* **Exercise details**: Your task is to write out the entire listing exactly, omitting its pictures.

* **Given material**:
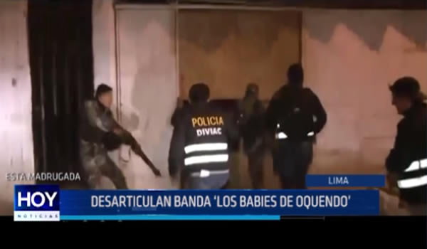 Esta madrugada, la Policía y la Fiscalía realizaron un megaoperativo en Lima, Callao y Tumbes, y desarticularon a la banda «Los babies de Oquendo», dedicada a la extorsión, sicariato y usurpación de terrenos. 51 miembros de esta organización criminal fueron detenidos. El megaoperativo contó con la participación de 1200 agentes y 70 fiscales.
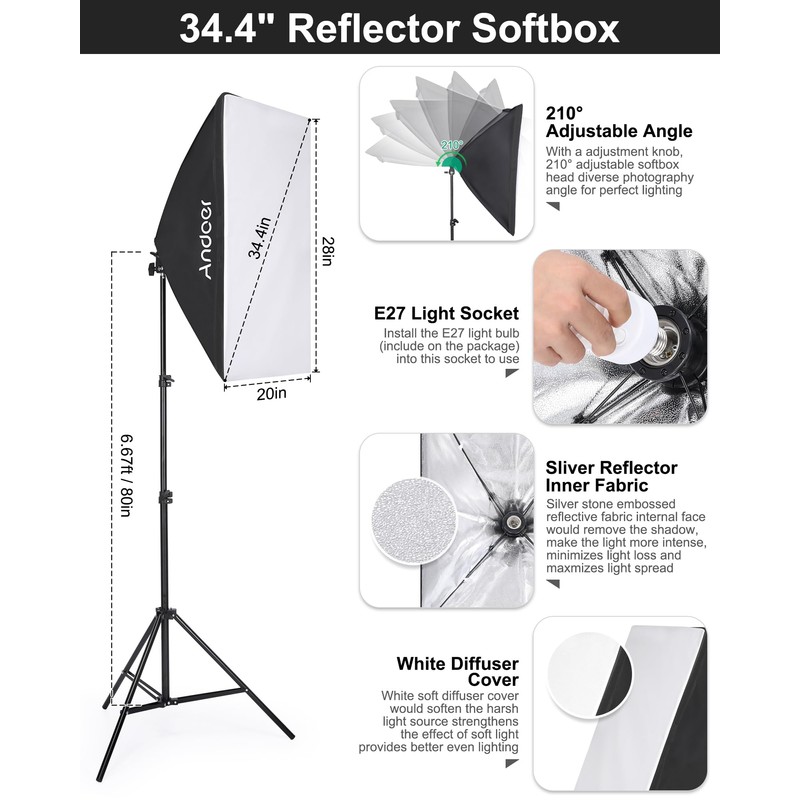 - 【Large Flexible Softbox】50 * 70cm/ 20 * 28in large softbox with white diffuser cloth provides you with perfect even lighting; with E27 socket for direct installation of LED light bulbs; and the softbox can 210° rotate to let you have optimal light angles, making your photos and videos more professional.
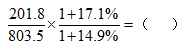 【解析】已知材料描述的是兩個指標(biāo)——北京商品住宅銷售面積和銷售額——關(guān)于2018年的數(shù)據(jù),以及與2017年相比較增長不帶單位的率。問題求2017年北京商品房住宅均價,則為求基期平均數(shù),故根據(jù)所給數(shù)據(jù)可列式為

* **Solution to this task**:
 Esta madrugada, la Policía y la Fiscalía realizaron un megaoperativo en Lima, Callao y Tumbes, y desarticularon a la banda «Los babies de Oquendo», dedicada a la extorsión, sicariato y usurpación de terrenos. 51 miembros de esta organización criminal fueron detenidos. El megaoperativo contó con la participación de 1200 agentes y 70 fiscales.
 - 【Large Flexible Softbox】50 * 70cm/ 20 * 28in large softbox with white diffuser cloth provides you with perfect even lighting; with E27 socket for direct installation of LED light bulbs; and the softbox can 210° rotate to let you have optimal light angles, making your photos and videos more professional.
 【解析】已知材料描述的是兩個指標(biāo)——北京商品住宅銷售面積和銷售額——關(guān)于2018年的數(shù)據(jù),以及與2017年相比較增長不帶單位的率。問題求2017年北京商品房住宅均價,則為求基期平均數(shù),故根據(jù)所給數(shù)據(jù)可列式為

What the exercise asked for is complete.